Ethereum now finds itself in a strong bearish trend as growing on-chain and social metrics are painting a picture of deep investor sentiment and network activity. The ETH/BTC trade rate additionally dropped sharply all the way down to 0.01924 on Apr. 14, its lowest stage since January 2020. This decline has fueled concerns among investors, many of whom have voiced dissatisfaction with Ethereum's performance in the current market cycle.
Declining Network Activity and Revenue
This data paints a disturbing picture of Ethereum’s network activity and revenue streams. In March, revenue to mainnet validators was down to less than $200 million per month. This drop reflects a reduced vitality and success for those that are fighting to defend the network.

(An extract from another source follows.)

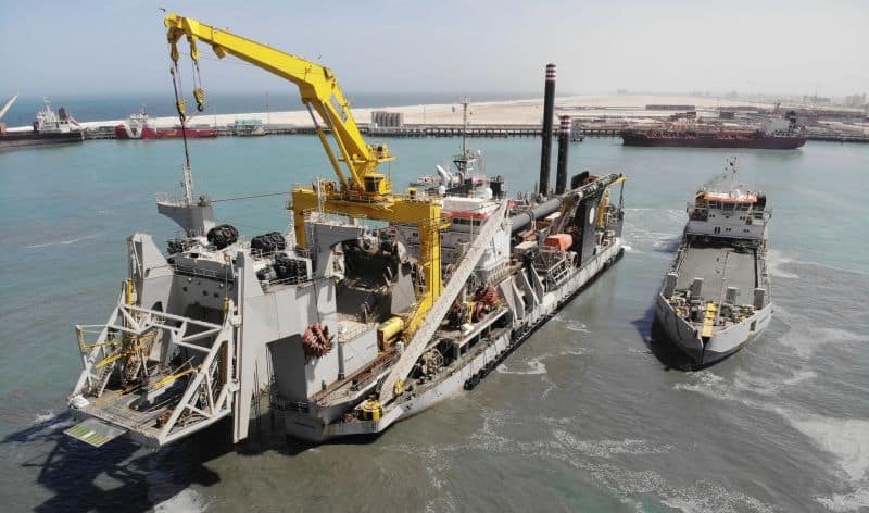 The brand-new Cutter Suction Dredger Willem van Rubroeck, which has a total installed cutter power of 41,346 kW, started its very first assignment in Mauritania. In the port of the capital Nouakchott, the vessel is working for developer ARISE Mauritania, on the deepening of the access channel, the port basin and the new berth alongside the new ARISE port terminal.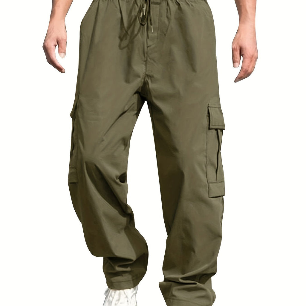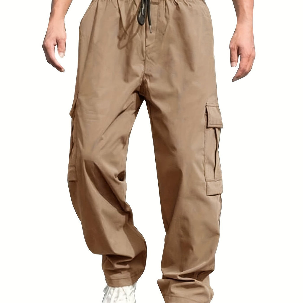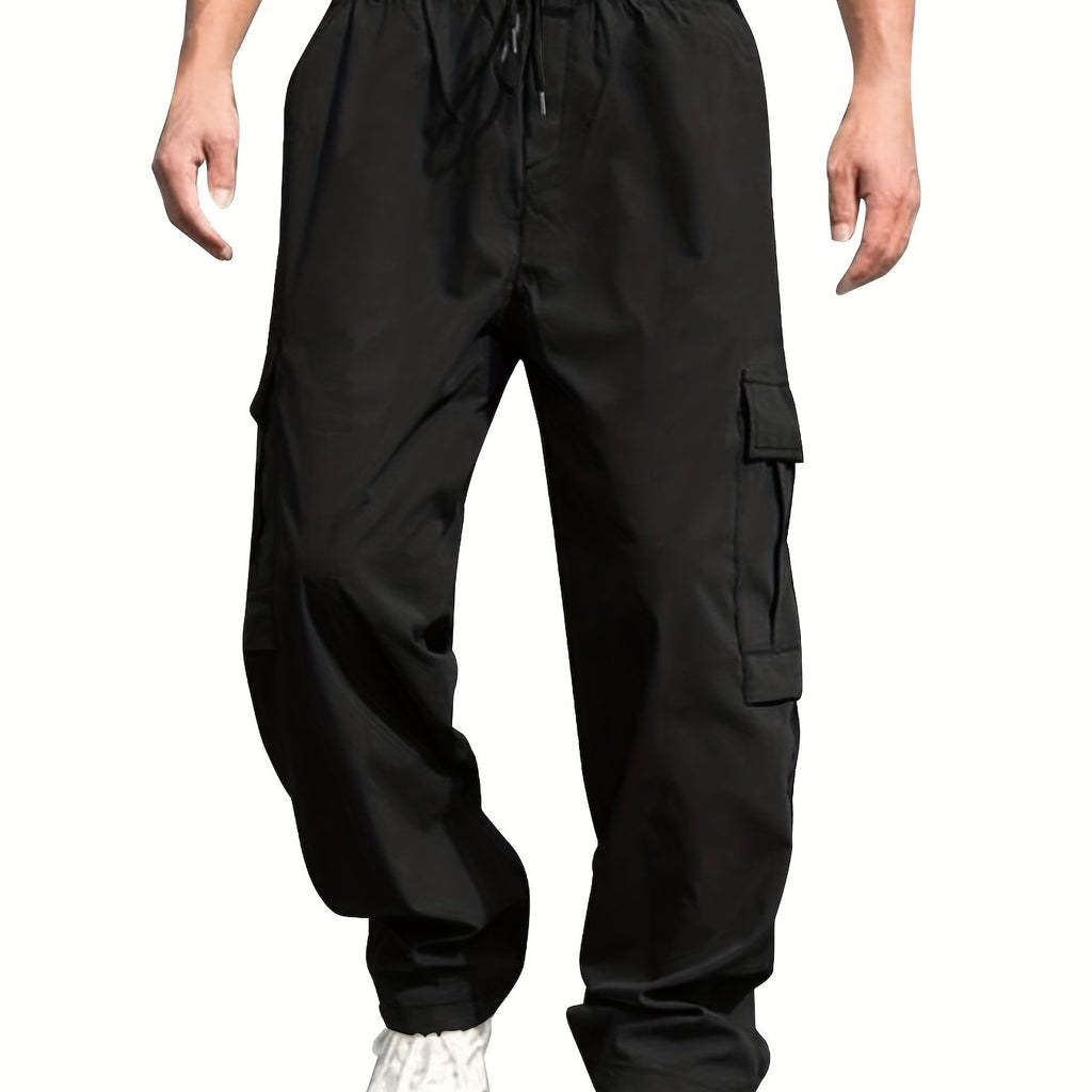 kkboxly Loose Fit Multi Pocket Joggers For Spring Summer, Men's Street Style Waist Drawstring Thin Casual Pants For Spring Summer Fitness Outdoor Activities

With decentralized exchanges (DEX) on the Ethereum chain producing just $1.1 million in revenue during the last 24 hours. Combined, this figure paints a gloomy picture of declining trading activity and user engagement. The Gas on Ethereum mainnet has lead steadily low at 2 Gwei. This decrease is seen as a strong indication of a serious crash in on-chain activities.
TVL Plunge and Whale Exits
The total value locked (TVL) on the Ethereum chain has dropped by more than 80%. It has plummeted, from a historic high-point of almost $80 billion down to a mere $46.9 billion. Even considering the recent growth of Ethereum-denominated assets, this almost 50% drop highlights a dramatic departure of assets from the Ethereum ecosystem.
Compounding the selling pressure, many large Ethereum holders—otherwise known as whales—have been cutting their holdings lately. On April 10, an ETH whale took a major short position, selling 35,881 ETH at an average price of $1,562. Fast forward to today, now it contains only 688 ETH. Another address, dubbed 0x62A, moved 4,482 ETH on April 12. Their average price of $1,572 netted them $7.05 million. One original gangster address group purchased 100,000 ETH during the ICO in 2015. Since April, they’ve sold a combined 4,180 ETH on Kraken, netting just over $7.05 million.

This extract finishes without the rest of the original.